I tested on a 65k context java prompt and it was above 40t/s and without dflash it is at cca 20tps
yes, sure, this evening I will clean up the code and make it easier to reproduce and share it afterwards as eugr yaml amd mods
# DFlash draft model: MiMo-V2.5-Pro-NVFP4/dflash/ (5-layer Qwen3 BF16)
# Target model: MiMo-V2.5-Pro-NVFP4 (70-layer MiMoV2 NVFP4)
# =============================================================================
recipe_version: "1"
name: MiMo-V2.5-Pro-DFlash-Nccl2304-8xGB10
description: "Ray v2 + DFlash speculative decoding for MiMo V2.5 Pro NVFP4 on 8× GB10"

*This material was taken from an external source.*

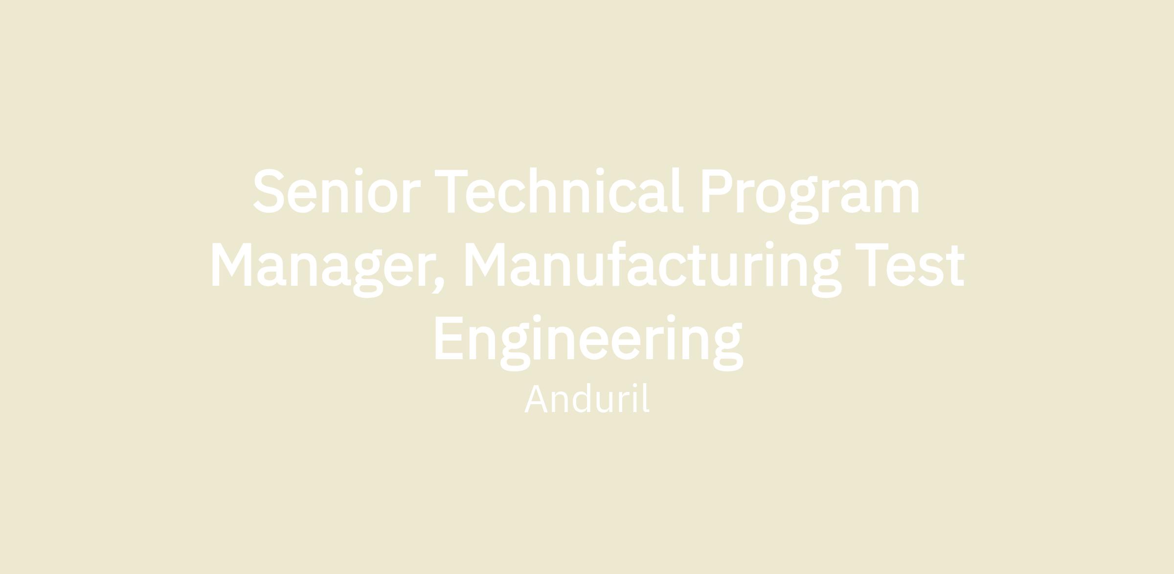 As a Project Manager for the Manufacturing Test Engineering team, you will be the connective tissue within the production organization to support the development of automated test equipment and systems for production. The manufacturing test team is responsible for the design, integration, and deployment of automated testing solutions across Anduril factories. As a member of this team, you will have the opportunity to help define what manufacturing test looks like for Anduril at a national scale. This position demands an innovative approach to manufacturing test - helping us advance scalability and lower the barrier to entry into our company systems.

model: festr2/MiMo-V2.5-Pro-NVFP4-MXFP8-attn-TP8
container: vllm-node-mimo-nightly-dflash:latest
cluster_only: true
mods:
- mods/fix-mimo-v2-vllm
defaults:
port: 5001
host: 0.0.0.0
tensor_parallel: 8
pipeline_parallel: 1
gpu_memory_utilization: 0.69
block_size: 32
max_model_len: 510000
max_num_batched_tokens: 4096
max_num_seqs: 4
served_model_name: mimo-v2.5-pro
speculative_draft_tensor_parallel_size: 1
env:
# ── NCCL 2.30.4 wedge fix ──
LD_PRELOAD: /opt/nccl-2.30.4/lib/libnccl.so.2
LD_LIBRARY_PATH: /opt/nccl-2.30.4/lib
# ── MoE / compilation ──
NCCL_NVLS_ENABLE: "1"
VLLM_MARLIN_USE_ATOMIC_ADD: "1"
VLLM_USE_FLASHINFER_MOE_FP4: "0"
# ── FlashInfer / compilation ──
FLASHINFER_DISABLE_VERSION_CHECK: "1"
TILELANG_CLEANUP_TEMP_FILES: "1"
TORCH_CUDA_ARCH_LIST: "12.1a"
FLASHINFER_CUDA_ARCH_LIST: "12.1a"
# ── JIT cache dirs ──
DG_JIT_CACHE_DIR: /cache/huggingface/deepgemm-cache
TORCHINDUCTOR_CACHE_DIR: /cache/huggingface/torchinductor-cache
TRITON_CACHE_DIR: /cache/huggingface/triton-cache
TORCH_EXTENSIONS_DIR: /cache/huggingface/torch_extensions
VLLM_CACHE_ROOT: /cache/huggingface/vllm-cache
DG_JIT_USE_NVRTC: "0"
DG_JIT_PRINT_COMPILER_COMMAND: "1"
# ── Long context support ──
VLLM_ALLOW_LONG_MAX_MODEL_LEN: "1"
# ── NCCL / InfiniBand (RoCE v2) ──
NCCL_NET: "IB"
NCCL_IB_DISABLE: "0"
NCCL_DEBUG: "WARN"
NCCL_ASYNC_ERROR_HANDLING: "1"
NCCL_BLOCKING_WAIT: "0"
NCCL_IB_ROCE_VERSION_NUM: "2"
NCCL_IB_QPS_PER_CONNECTION: "8"
NCCL_IB_SPLIT_DATA_ON_QPS: "1"
NCCL_MIN_NCHANNELS: "32"
NCCL_IB_PCI_RELAXED_ORDERING: "1"
NCCL_IB_MERGE_NICS: "1"
NCCL_NET_PLUGIN: "none"
# ── Offline / cache ──
HF_HOME: /cache/huggingface
HF_HUB_OFFLINE: "1"
TRANSFORMERS_OFFLINE: "1"
# ── Threading ──
OMP_NUM_THREADS: "8"
# ── Memory ──
PYTORCH_CUDA_ALLOC_CONF: "expandable_segments:True"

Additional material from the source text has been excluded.